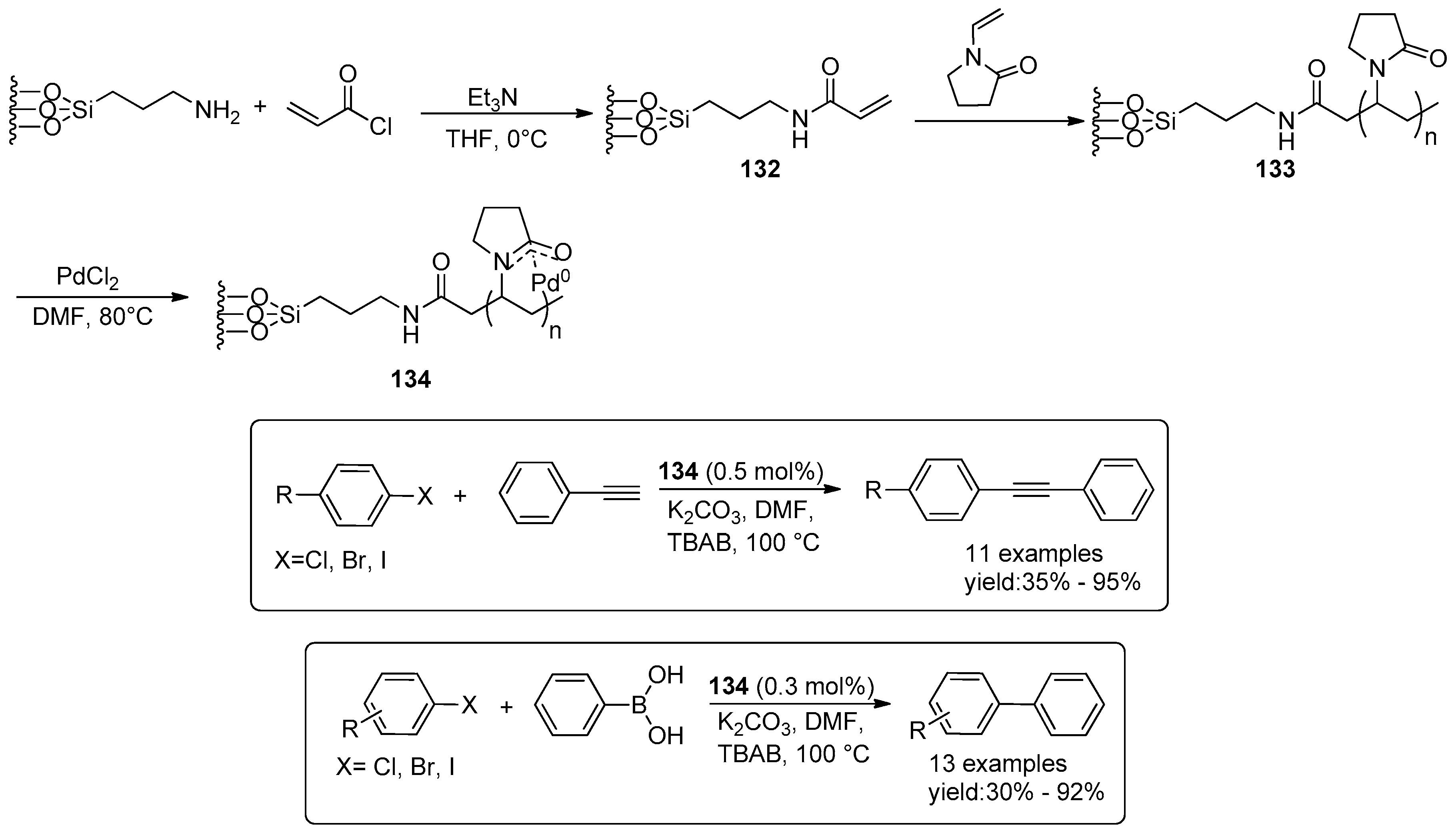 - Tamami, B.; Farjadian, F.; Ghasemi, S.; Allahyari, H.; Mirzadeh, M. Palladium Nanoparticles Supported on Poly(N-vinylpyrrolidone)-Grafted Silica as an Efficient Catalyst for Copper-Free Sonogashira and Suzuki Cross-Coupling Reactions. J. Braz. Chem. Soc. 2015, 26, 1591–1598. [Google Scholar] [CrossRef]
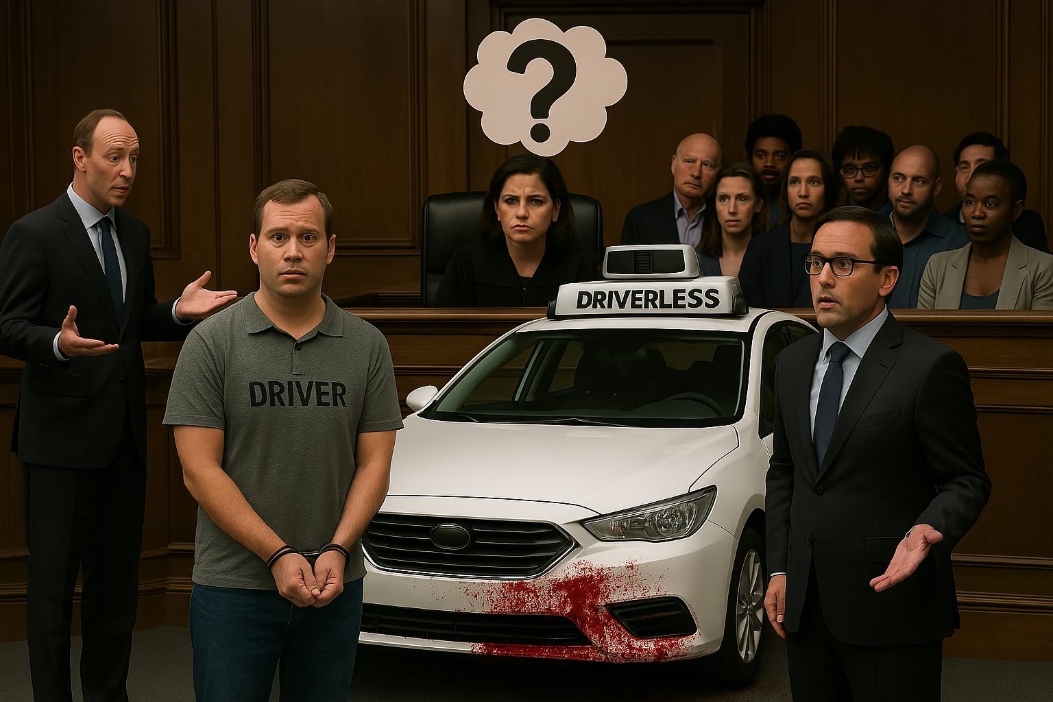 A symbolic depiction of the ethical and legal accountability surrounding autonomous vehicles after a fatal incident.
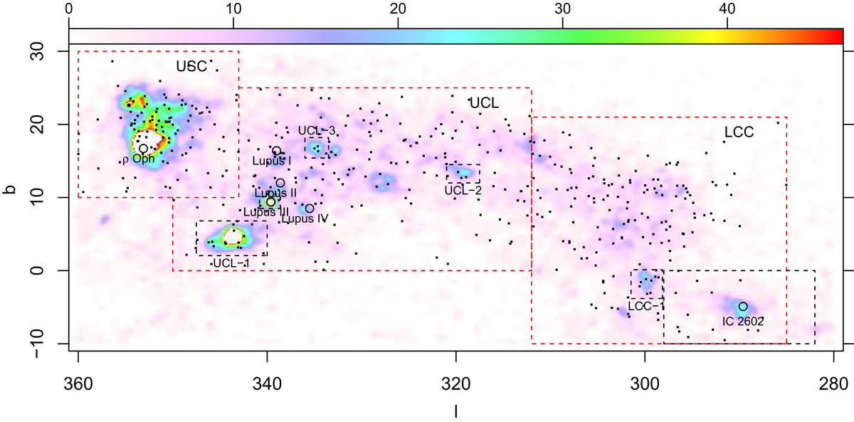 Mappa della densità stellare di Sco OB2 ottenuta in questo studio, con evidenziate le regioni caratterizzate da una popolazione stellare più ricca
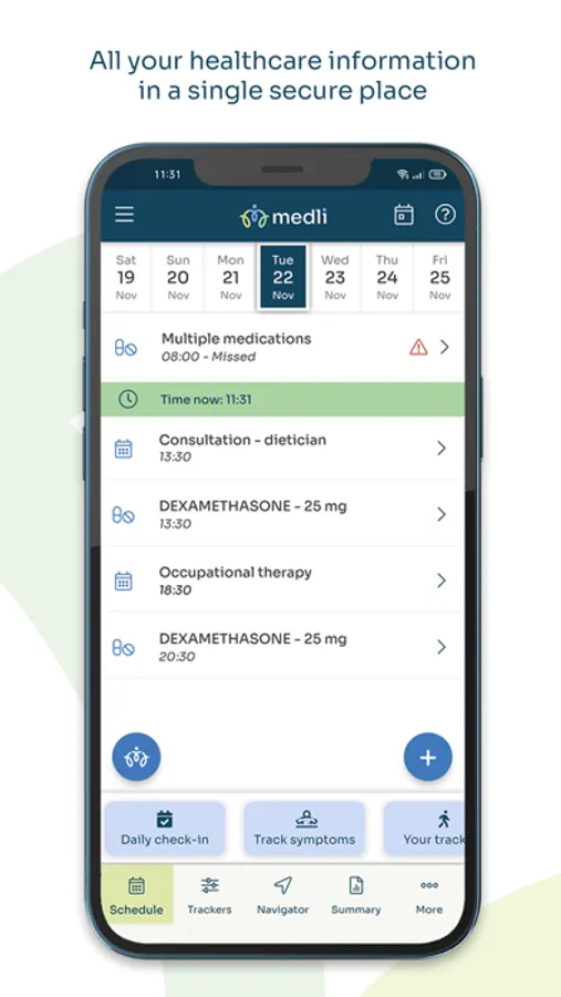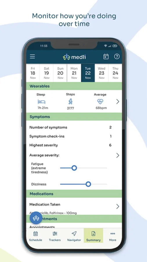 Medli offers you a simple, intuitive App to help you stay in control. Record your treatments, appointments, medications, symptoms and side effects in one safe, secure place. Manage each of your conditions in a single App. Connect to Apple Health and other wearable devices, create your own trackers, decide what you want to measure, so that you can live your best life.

INSTRUCTIONS FOR THE TASK:
These lines alone form the answer: the one containing "Mappa della densità" and every line after it through the end of the material, exactly as written, pictures left out.

YOUR RESPONSE:
 Mappa della densità stellare di Sco OB2 ottenuta in questo studio, con evidenziate le regioni caratterizzate da una popolazione stellare più ricca
 Medli offers you a simple, intuitive App to help you stay in control. Record your treatments, appointments, medications, symptoms and side effects in one safe, secure place. Manage each of your conditions in a single App. Connect to Apple Health and other wearable devices, create your own trackers, decide what you want to measure, so that you can live your best life.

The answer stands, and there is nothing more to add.